In Default Settings, some apps when Autosandbox or Sandboxed through Unlimited Rights popup we also get few D+ popups ------ as per my settings I am not protected in this case coz the D+ popups are allowed automatically, m I right?
In Default Settings, some apps when Autosandboxed or Sandboxed through Unlimited Rights popup we dont get any D+ popups ---------- as per my settings I am protected in this case coz there are no D+ popups, m I right?
IMHO you are complicating things by tweaking your cousins system especially if you are not there to help him out 24/7 because he will not understand what you have tweaked and why.You state that your cousin doesn’t understand the alerts so sometimes he or she blocks legit applications.So with that in mind I would keep it simple.
What I would do is install comodo internet security and update, now sit there with your cousin and run the everyday programs he would normally use such as his browser and games maybe print something off his printer if he has a printer installed etc you get the picture.

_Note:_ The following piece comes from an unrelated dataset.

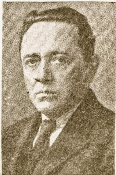
Poetas J. Baltrušaitis.

Nors Baltrušaičio poezija ir yra atidavusi didelę duoklę svetimai literatūrai, bet jis pats, visa jo galvosena ir net literatūrinės formos turi šaknis lietuviškoje žemėje. Tas lietuviškumas jį gaivino ir rusų kūryboje ir darė jį originaliu. Vienu kartu jis buvo išrinktas visos Rusijos rašytojų sąjungos pirmininku. Lietuvai atsistačius, buvo paskirtas Lietuvos atstovu Maskvoje, kur išbuvo iki 1939 metų. Pasizymėjo kaip gabus ir įtakingas di-

Now after all that has been done and your comodo set up is used to your cousins PC set up and behaviour then you suppress the all the anti virus and defence + alerts. Make sure the anti virus quarantines viruses automatically.
Just keep it simple… this is my opinion and advise.
I have 2 computers upstairs which my two sons use, they are both set up with the system set up I have pointed above and I have had no issues nor problems.I am sure Languy99 would agree with that set up because he recommended that set up in the first place and it works. watch his videos on you tube.